• _What the exercise asks_
Write out only the lines from the line containing "Đây là bản xem" to the end of the listing below, both included, exactly as they stand. Drop the pictures.

• _Given material_
<<<<

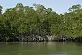 Unlike the red and black mangroves, the white mangrove usually grows on high, dryer land. The leaves of the white mangrove are different than the others because of its thick roundish leaves.[2]
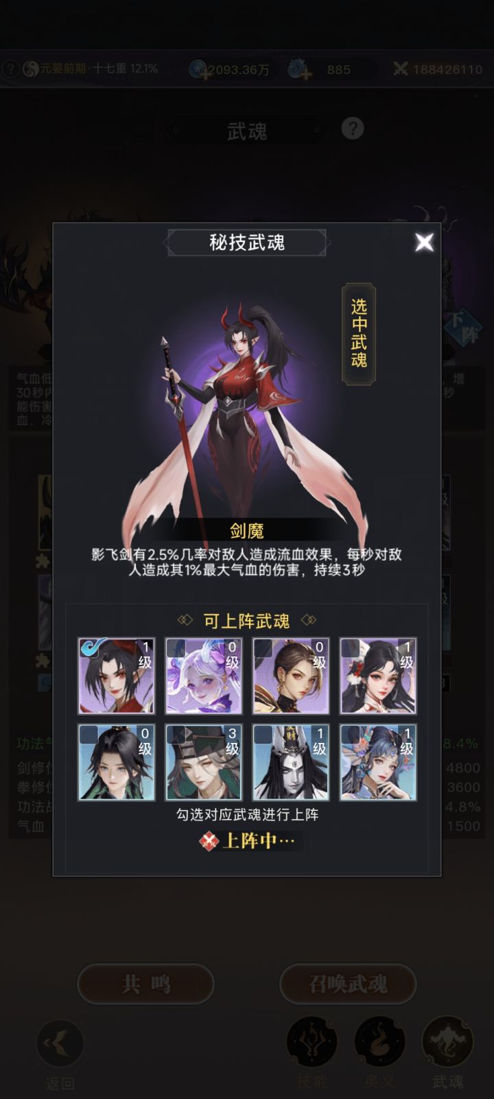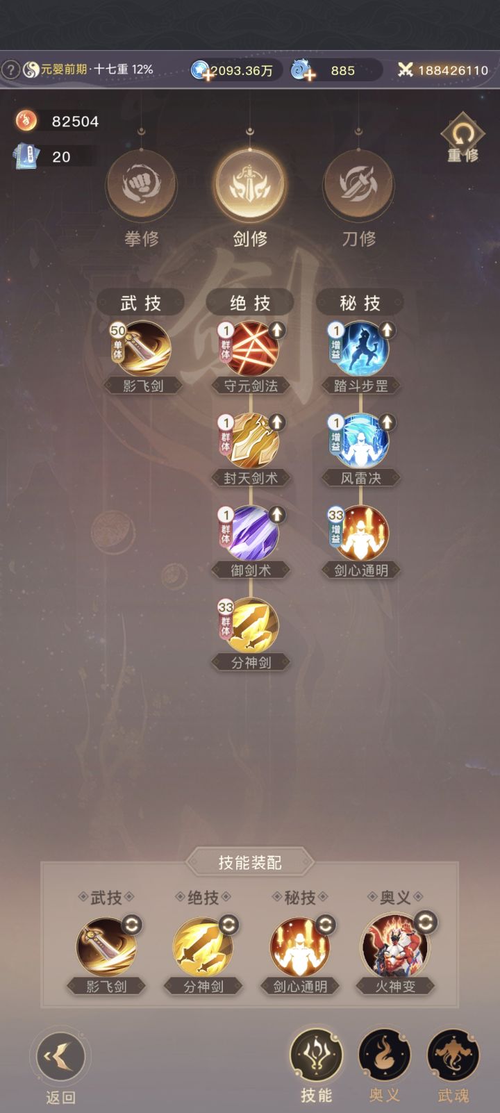 影分剑加分神剑加剑心通明,奥义自选。我的话喜欢这个火神变身,刷起图来很爽。武魂没有金的可以用这个剑魔,配合分神剑,流血伤害很高。#大武道攻略 #大武道
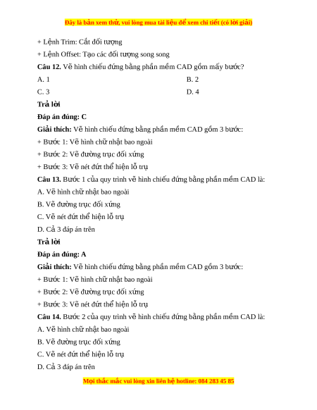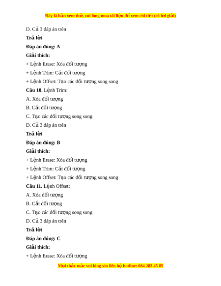 Đây là bản xem th , vu ử i lòng mua tài li u ệ đ xe ể m chi ti t (c ế ó l i ờ gi i ả ) D. C 3 đáp án ả trên Trả l i ờ Đáp án đúng: A Giải thích: + L nh E ệ rase: Xóa đ i ố tư ng ợ + L nh ệ Trim: C t ắ đ i ố tư ng ợ + L nh O ệ ffset: T o các ạ đ i ố tư ng ợ song song Câu 10. Lệnh Trim: A. Xóa đối tư ng ợ B. C t ắ đối tư ng ợ C. T o các ạ đối tư ng ợ song song D. C 3 đáp án ả trên Trả l i ờ Đáp án đúng: B Giải thích: + L nh E ệ rase: Xóa đ i ố tư ng ợ + L nh ệ Trim: C t ắ đ i ố tư ng ợ + L nh O ệ ffset: T o các ạ đ i ố tư ng ợ song song Câu 11. Lệnh Offset: A. Xóa đối tư ng ợ B. C t ắ đối tư ng ợ C. T o các ạ đối tư ng ợ song song D. C 3 đáp án ả trên Trả l i ờ Đáp án đúng: C Giải thích: + L nh E ệ rase: Xóa đ i ố tư ng ợ M i
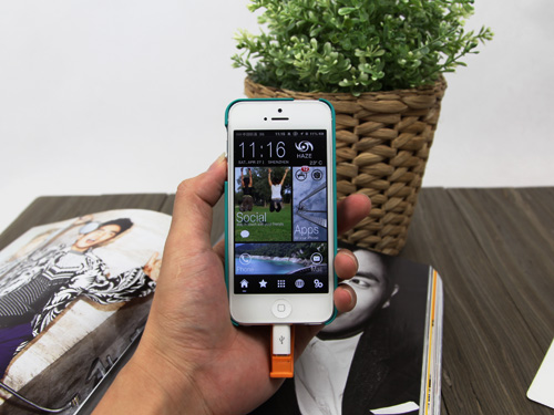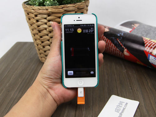 不過這里不得不提該款產品小編認為的一個小小不足。該款產品配備的充電線是MicroUSB接口,而iPhone 5使用的是lighting接口,雖說該款產品為iPhone 5用戶提供了轉接口,不影響使用,但是多重轉接還是有點不太方便,也不太好看。如果是lighting接口就會非常完美了。

>>>>

• _Written response_
 Đây là bản xem th , vu ử i lòng mua tài li u ệ đ xe ể m chi ti t (c ế ó l i ờ gi i ả ) D. C 3 đáp án ả trên Trả l i ờ Đáp án đúng: A Giải thích: + L nh E ệ rase: Xóa đ i ố tư ng ợ + L nh ệ Trim: C t ắ đ i ố tư ng ợ + L nh O ệ ffset: T o các ạ đ i ố tư ng ợ song song Câu 10. Lệnh Trim: A. Xóa đối tư ng ợ B. C t ắ đối tư ng ợ C. T o các ạ đối tư ng ợ song song D. C 3 đáp án ả trên Trả l i ờ Đáp án đúng: B Giải thích: + L nh E ệ rase: Xóa đ i ố tư ng ợ + L nh ệ Trim: C t ắ đ i ố tư ng ợ + L nh O ệ ffset: T o các ạ đ i ố tư ng ợ song song Câu 11. Lệnh Offset: A. Xóa đối tư ng ợ B. C t ắ đối tư ng ợ C. T o các ạ đối tư ng ợ song song D. C 3 đáp án ả trên Trả l i ờ Đáp án đúng: C Giải thích: + L nh E ệ rase: Xóa đ i ố tư ng ợ M i
 不過這里不得不提該款產品小編認為的一個小小不足。該款產品配備的充電線是MicroUSB接口,而iPhone 5使用的是lighting接口,雖說該款產品為iPhone 5用戶提供了轉接口,不影響使用,但是多重轉接還是有點不太方便,也不太好看。如果是lighting接口就會非常完美了。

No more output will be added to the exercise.